# How to evaluate the quality of the A / B testing system

For more than six months now, the company has been using a single system for conducting A / B experiments. One of the most important parts of this system is the quality control procedure, which helps us understand how much we can trust the results of A / B tests. In this article, we will describe in detail the principle of the quality control procedure for those readers who want to test their A / B testing system. Therefore, the article has many technical details.

## A few words about A / B testing

Figure 1. A / B testing process flow chart.

In general, the A / B testing process can be divided into the following steps (shown in the figure):

- The distribution of users in two groups A and B.
- Presenting two different options to two user groups.
- Data collection and calculation of metric values for each group.
- Comparison using a statistical test of the metric values in both groups and deciding which of the two options won.

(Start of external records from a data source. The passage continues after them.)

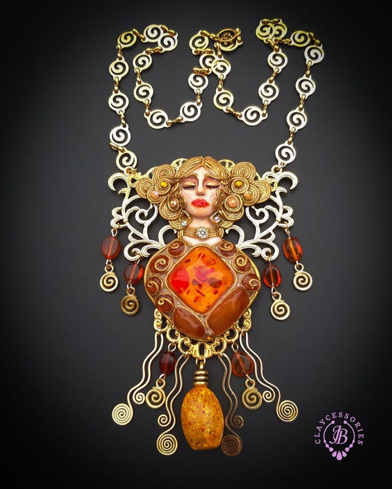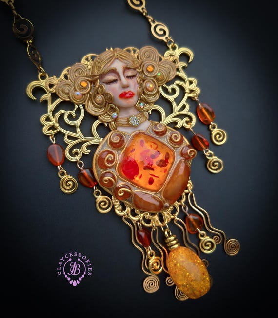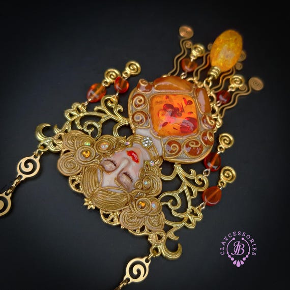 Elevate your style with this stunning Klimt-Inspired Necklace, a perfect blend of artistic flair and elegance. Handcrafted with love, this unique piece features a beautifully detailed woman adorned in golden tones, capturing the essence of Gustav Klimt's iconic art. Embrace your individuality and celebrate your love for art with this Klimt-Inspired Necklace. Whether for yourself or as a gift, it's a beautiful addition to any jewellery collection. Single copy, 100% Handmade OOAK necklace. All items are shipped from my home within 1-3 business days after payment confirmation. Please, contact me with any questions. I make some custom orders. If you would like some items to be custom made or created for you in a special way, feel free to send an Etsy conversation with your requirements, and we can discuss them.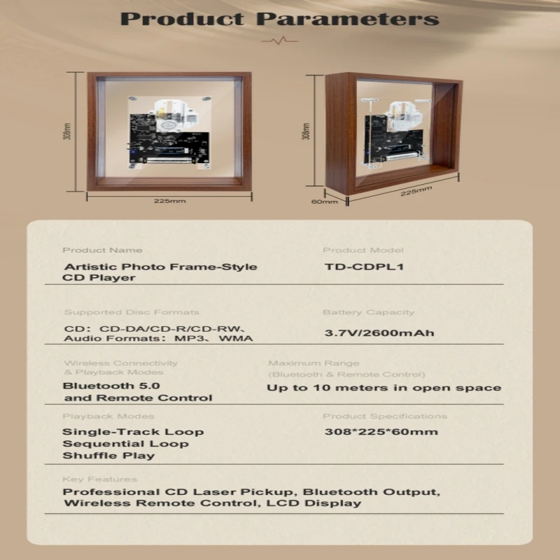 High-Standard Design and Materials】After a year of research, the framed cd player combines functionality and style to suit any home decor. Its matte wooden frame offers a premium feel and durability, blending design with practicality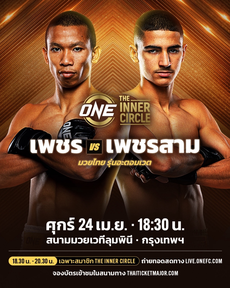 ระเบิดความมันระดับห้าดาวบนสังเวียนศักดิ์สิทธิ์สนามมวยเวทีลุมพินี เมื่อรายการ The Inner Circle ประจำวันศุกร์ที่ 24 เมษายนนี้ เตรียมจับสองนักชกดาวรุ่งฟอร์มร้อนแรงมาพิสูจน์ฝีมือเพื่อล่าความฝันสู่การคว้าสัญญา ONE โดยเป็นการพบกันในกติกามวยไทย รุ่นอะตอมเวต ระหว่าง เพชร สวนหลวงรถยก จอมบู๊วัย 19 ปีจากขอนแก่น ที่พกความมั่นใจมาเต็มเปี่ยมหลังเพิ่งหักปากกาเซียนเอาชนะหนุ่มสุรินทร์ ช.เกตุวีณา มาได้ในไฟต์ล่าสุด เตรียมประจันหน้ากับ เพชรสาม หรือ นาห์ยัน โมฮัมเหม็ด นักชกเลือดเดือดวัย 17 ปี ลูกครึ่งฝรั่งเศส-แอลจีเรีย ผู้ชนะใจแฟนมวยด้วยลีลาเดินบู๊ไม่หยุดและทักษะการพูดภาษาไทยที่ยอดเยี่ยม แม้ทั้งคู่จะเคยผ่านบททดสอบที่ยากลำบากมาในปีก่อน แต่การกลับมาครั้งนี้คือเดิมพันครั้งสำคัญเพื่อขยับขึ้นสู่กลุ่มหัวแถวของรุ่น โดยแฟนมวยสามารถเกาะติดการปะทะกันของคู่นี้ผ่านการถ่ายทอดสดเฉพาะสมาชิกทาง LIVE.ONEFC.com ตั้งแต่เวลา 18 นาฬิกา 30 นาทีเป็นต้นไป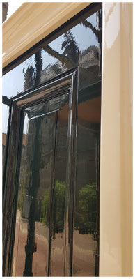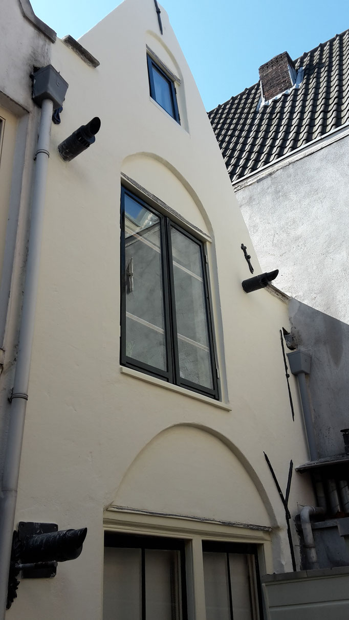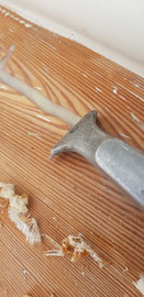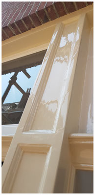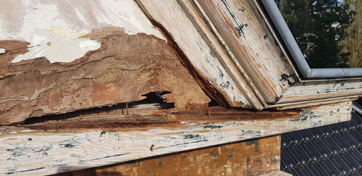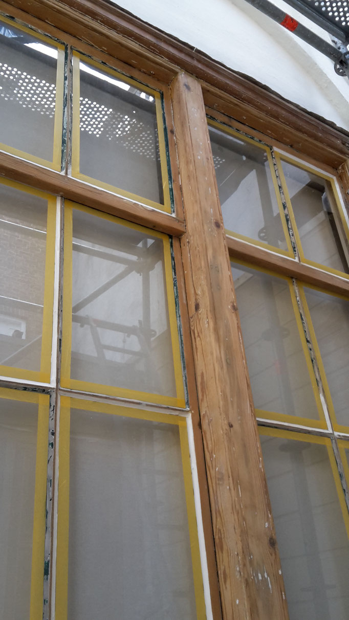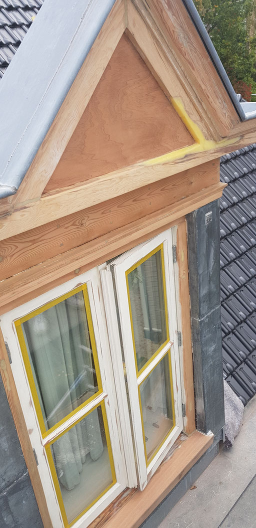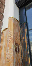 Oude reparaties en eventuele houtrot worden nauwkeurig verwijderd, deels vervangen of gerepareerd met een 2 componenten reparatiesysteem op basis van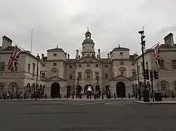 El edificio de los Horse Guards fue diseñado por William Kent y construido en la década de 1750 en un antiguo lugar de celebración de justas, sustituyendo a un edificio anterior construido durante la guerra civil inglesa. El edificio tiene un arco para el tráfico de carruajes y dos arcos peatonales que comunican Whitehall con Horse Guards Parade. El arco central está marcado con las siglas «SMF» y «StMW», y constituye el límite entre las parroquias de las iglesias de St Martin-in-the-Fields y St Margaret's.[18]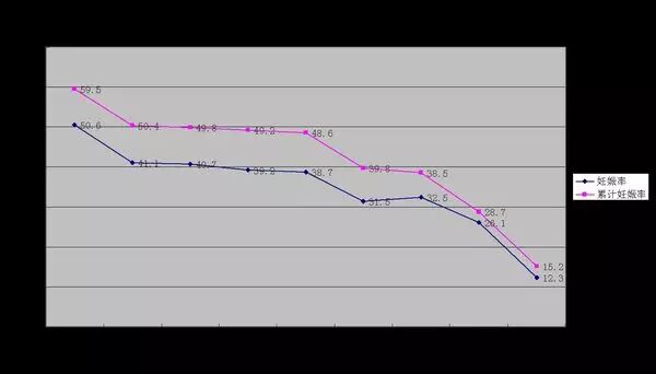 2、年龄与试管婴儿成功率的关系(某生殖中心2001~2006年试管婴儿与年龄相关性统计)

In principle, using A / B tests, you can compare any two options, but for definiteness, we will assume that group A is shown the current version working in production, and group B is shown the experimental version. Thus, group A is the control group, and group B is experimental. If users in group B are shown the same option as in group A (that is, there is no difference between options A and B), then such a test is called an A / A test.

If one of the options won in the A / B test, then they say that the test has turned red.

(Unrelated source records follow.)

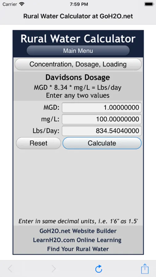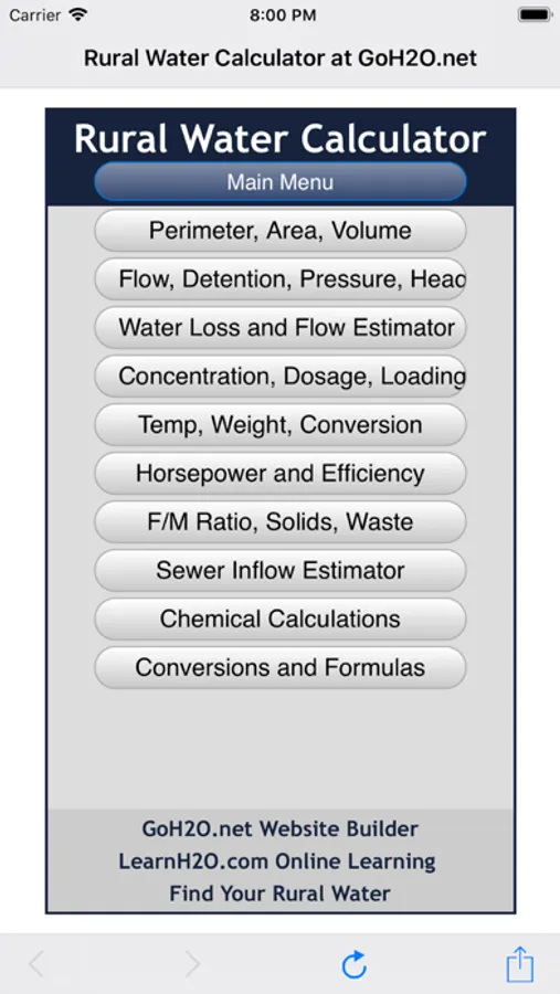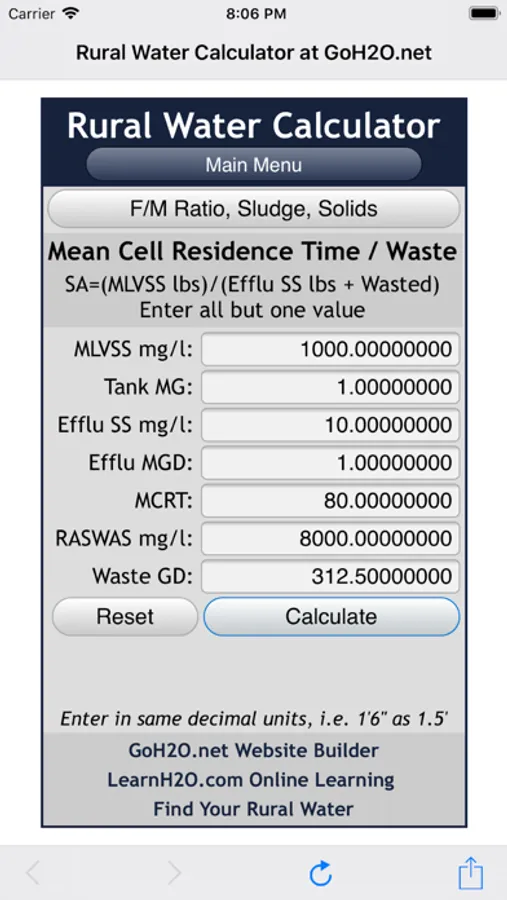 This calculator for the Rural Water community include every formula and calculation ever needed for water and wastewater utility operators. Calculation categories include perimeter, area, volume, flow, detention, pressure, head, water loss and flow estimation, concentration, dosage, loading, temperature, weight, common conversions, horsepower, efficiency, F/M ratio, solids, wasting, sewer inflow estimation, chemical calculations, and process efficiency.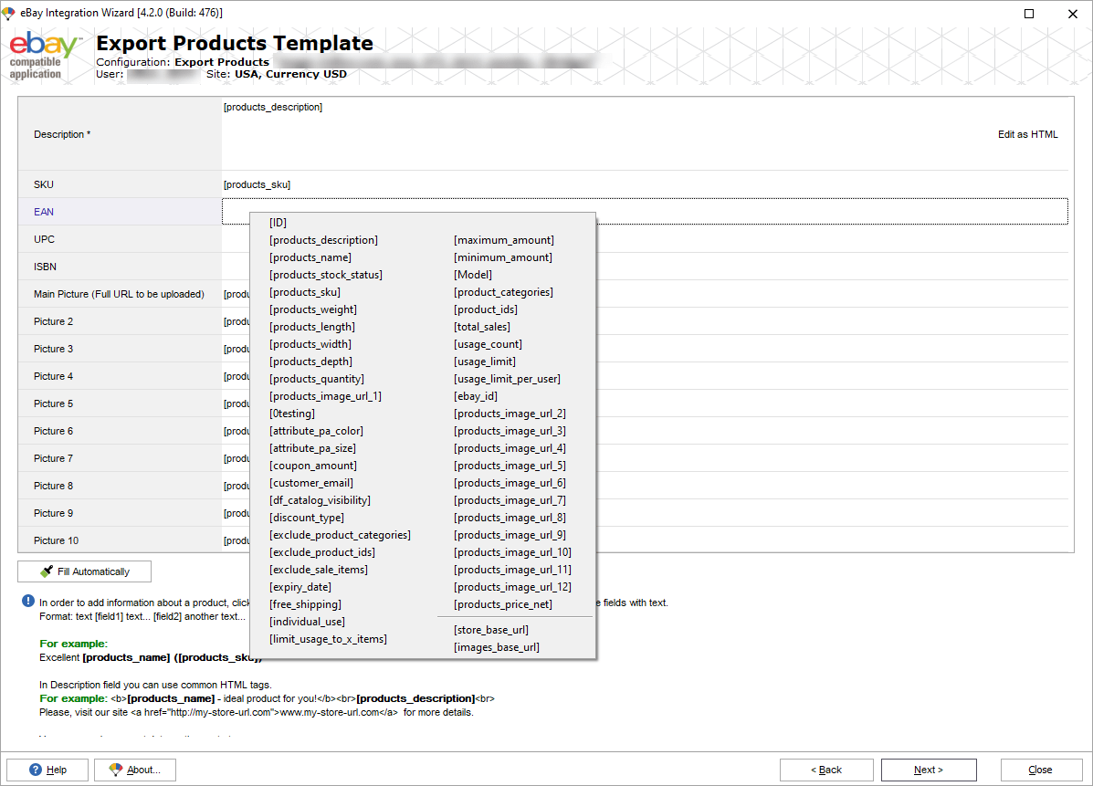 When the export wizard is launched, you’ll see your first export configuration on the left. In this step, you just have to specify the eBay site and currency. For a multilanguage website, you should also define the default language:
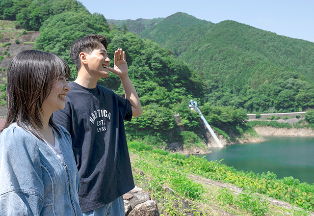堤体からダムと自然が織りなす風景を楽しむことができます。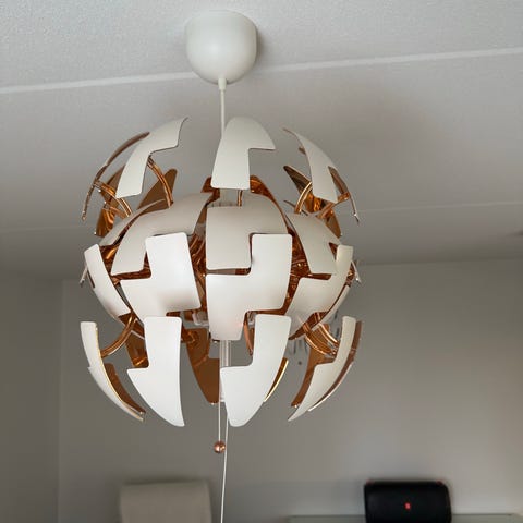 Ikean kattovalaisin halkaisija 30 cm. Korkeus 30/43 cm. Ulkopinta alumiinia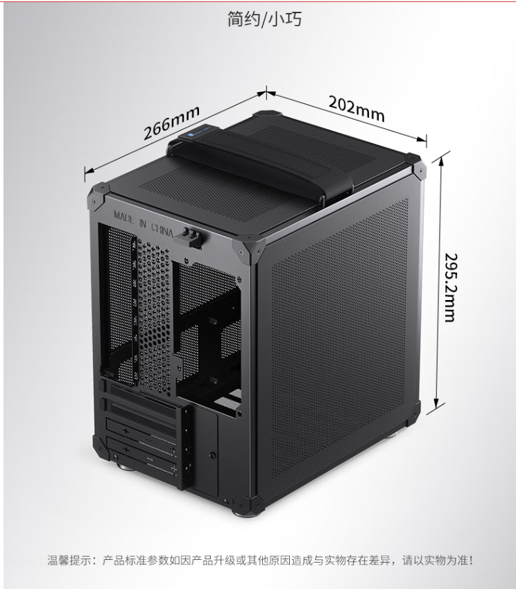 乔思伯(JONSBO)C6 Handle版黑色 MATX机箱(可调节便携提手/Type-c/ATX电源/≤75mm散热器/200-255mm显卡)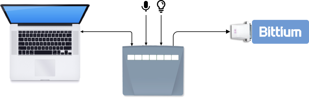 The response pad draws its power from your computer via USB. When a key is pressed, information is sent at the same time via USB to the computer and via m-pod to Bittium.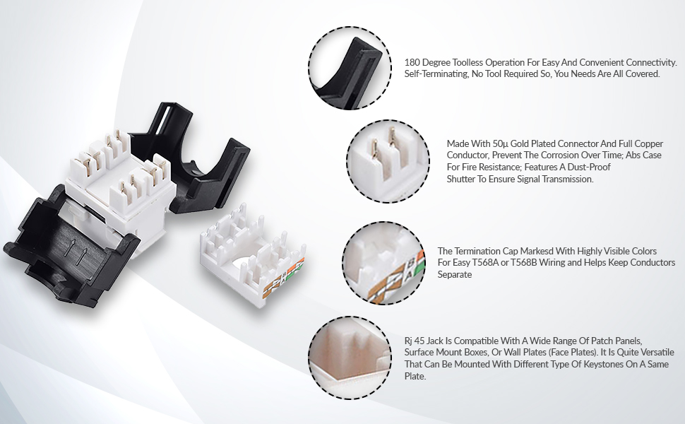 تم تصميم مقبس الحائط RJ45 ETHERNET للاتصال السهل للغاية لمساعدتك على الاستمتاع بسرعات النطاق الترددي التي ترغب فيها. مع دعم من 22 إلى 26 سلكًا بمعيار AWG، يتمتع الجهاز بأعلى أداء. متوافق أيضًا مع كل من كابلات شبكة الموصلات الصلبة والمجدولة. تدعم مقابس Cat6 Keystone لوحة التصحيح ولوحة حائط إيثرنت.

## History of A / B testing in the company

A / B testing at HeadHunter began, we can say spontaneously: development teams arbitrarily divided the audience into groups and conducted experiments. However, there was no common pool of verified metrics - each team calculated its own metrics from user actions logs. There was no general system for determining the winner either: if one option was much superior to the other, then it was recognized as the winner; if the difference between the two options was small, then statistical methods were used to determine the winner. The worst part was that different teams could experiment on the same user group, thereby influencing each other's results. It became clear that we needed a single system for conducting A / B tests.

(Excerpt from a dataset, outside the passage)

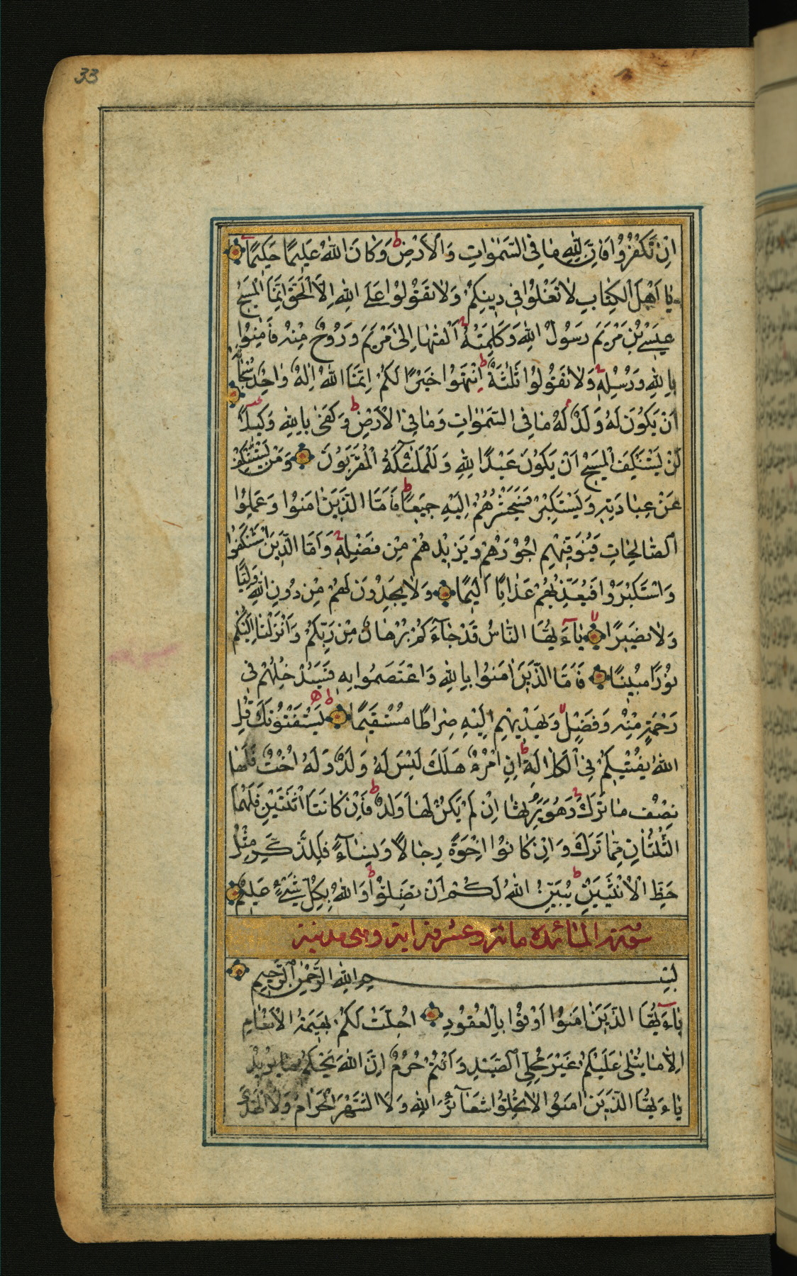 - Label: This text page has an illuminated chapter heading for chapter 5 (Sūrat al-mā'idah), written in riqāʿ script in red ink on a gold ground. The text is in vocalized naskh script in black ink with reading marks in red, and illuminated discs with colored dots separate the verses.

Such a system was created and launched in July 2016. Using this system, the company has already conducted 77 experiments. The number of A / B experiments by month is shown in Figure 2.

Figure 2. The number of A / B experiments by months since the launch of the A / B testing system. The number of experiments for March 2017 is incomplete, because at the time of publication this month has not yet ended.

When creating the A / B testing system, we paid most attention to the statistical test. First of all, we were interested in the answer to the following question:

*How to make sure that the statistical test does not deceive us and that we can trust its results?*

The question is not at all idle, since the harm from incorrect results is stat. test may be even more than the lack of results.

Why we may have reasons not to trust the stat. test? The fact is that a statistical test involves a probabilistic interpretation of the measured values. For example, we believe that each user has a “probability” of committing a certain successful action (successful actions may be registration, purchase of goods, like, etc.). Moreover, we consider the actions of different users to be independent. But initially, we do not know how well user actions correspond to the probabilistic model of stat. test.

In order to evaluate the quality of the A / B testing system, we conducted a large number of A / A tests and measured the percentage of tests that were stained, that is, the percentage of cases in which stat. the test was mistaken, claiming a statistically significant superiority of one option over another. The benefits of A / A tests can be read, for example,here . Measured error percentage stat. the test was compared with a given theoretical value: if they roughly coincided, then everything is fine; if the measured percentage of errors is much less or much more than theoretical, then the results of such a stat. the dough is unreliable.

To talk in more detail about the method of assessing the quality of an A / B testing system, you should first talk about the significance level and other concepts that arise when testing statistical hypotheses . Readers who are familiar with this topic can skip the next paragraph and go to the section A / B Test System Quality Assessment .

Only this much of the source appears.